[DATASET EXTRACT]
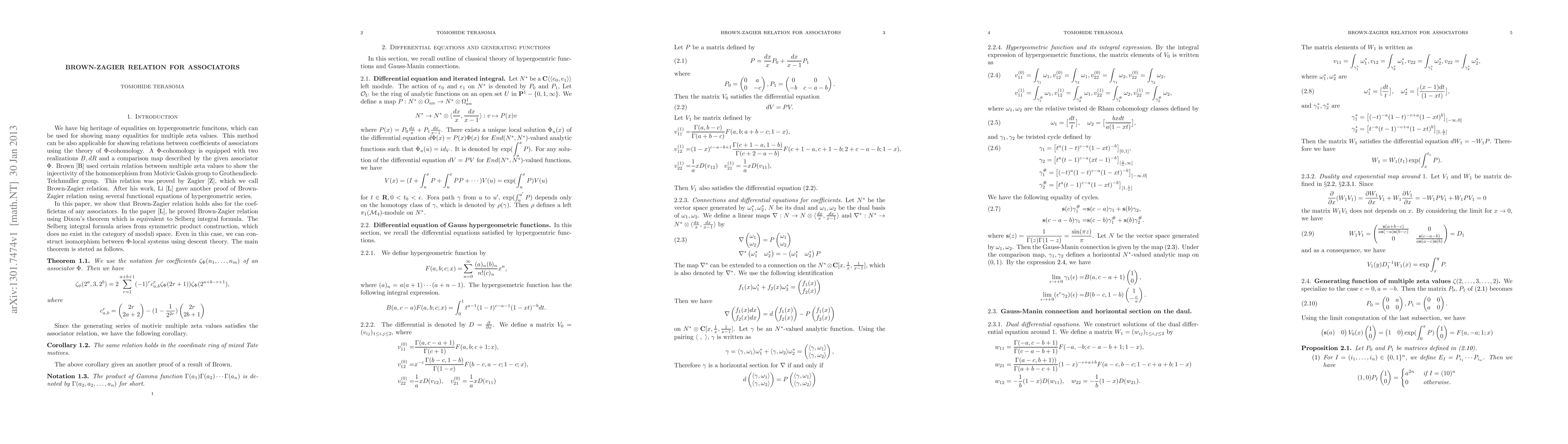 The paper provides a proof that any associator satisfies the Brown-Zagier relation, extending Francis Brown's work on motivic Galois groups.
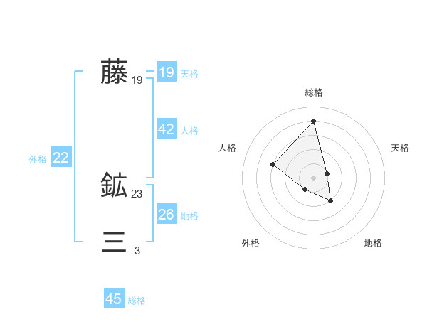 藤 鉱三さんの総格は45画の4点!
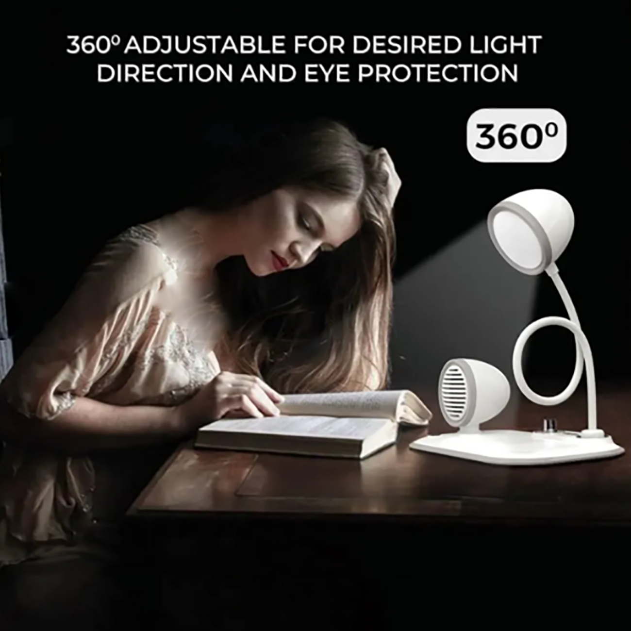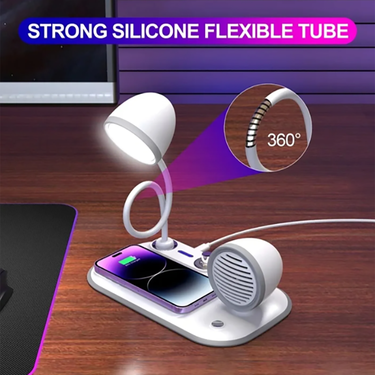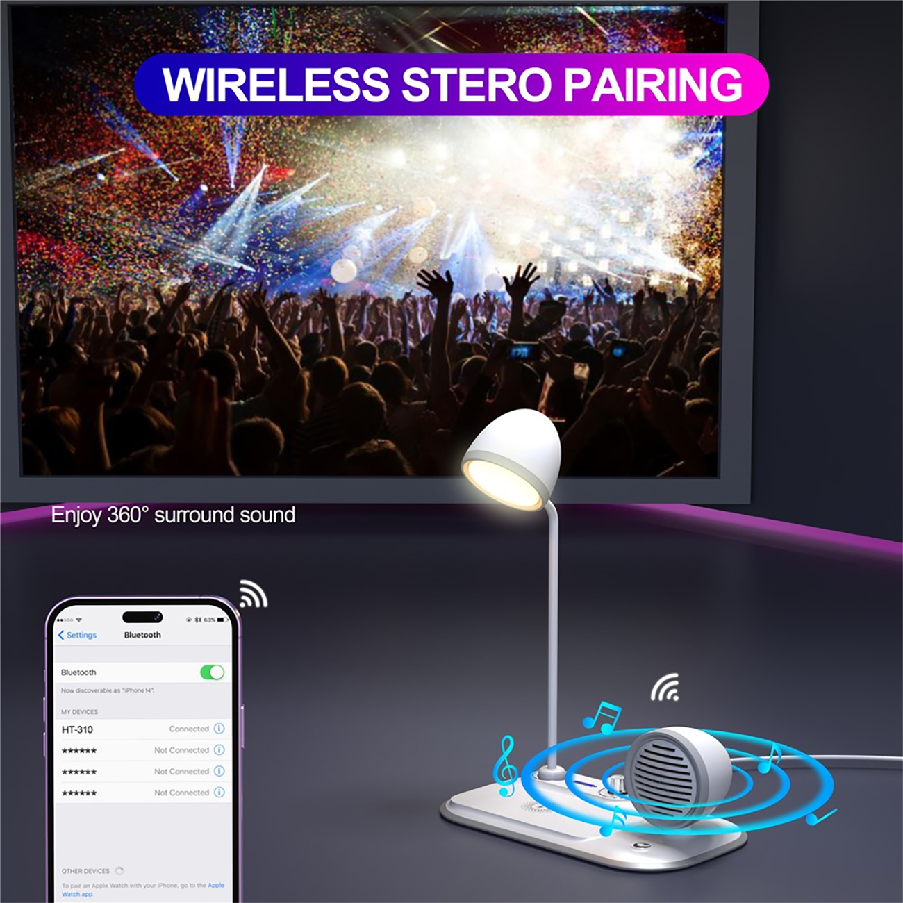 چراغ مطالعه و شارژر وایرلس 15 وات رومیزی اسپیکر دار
[/DATASET EXTRACT]
» **ACTION ITEM**:
Once the pictures are set aside, output all of the data above verbatim.

» **SOLUTION TO THE EXERCISE**:
 The paper provides a proof that any associator satisfies the Brown-Zagier relation, extending Francis Brown's work on motivic Galois groups.
 藤 鉱三さんの総格は45画の4点!
 چراغ مطالعه و شارژر وایرلس 15 وات رومیزی اسپیکر دار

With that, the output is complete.